Does she or doesn't she?

Where's the beef?

How do you spell relief?

Is it live or is it Memorex?

Pardon me, do you have any Grey Poupon?

I know you are but what am I?

Why do we sing "Take me out to the ballgame," when we're already there?

Hello, I love you won't you tell me your name?

How would you describe yourself? (Old, wrinkly, missin' a few teeth, love to laugh, pee a lot at night, MUST HAVE FUN, commonly thought of as simpleton, tis ok, I like me. You? How would you describe your fine self?)

Where have all the flowers gone?
Who'll stop the rain?
Does anybody really know what time it is?
How can you have any pudding when you don't eat your meat?
What's it gonna be boy... yes... or.. no?
How deep is your love? (Sorry, I prolly shouldna put that one right after that one.)
Where is the love?
Who let the dogs out?
What's it all about, Alfie?

Do infants enjoy infancy as much as adults enjoy adultery?

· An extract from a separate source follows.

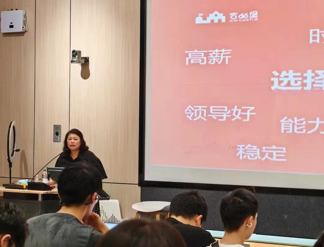 宣讲会伊始,吉的堡教育少儿教学课专案经理卢希翔 ,从吉的堡教育集团的发展史说起,为与会同学讲述了企业优势、培训机制、实习期待遇、转正后待遇等,在同类教育机构中极具竞争力。

If something "goes without saying," why do people still say it?

What's wrong with you?
Are you ready?
Are you stressed?
Penny for your thoughts?
Did you fart?
Ask your mother...
DO I STUTTER?

Window or aisle?
Smoking or non-smoking? (That one's almost non-existent now)

What happens when you get scared half to death twice?

Are we there yet are we there yet are we there yet?

What's the last four of your social?

Do you believe in magic in a young girl's heart?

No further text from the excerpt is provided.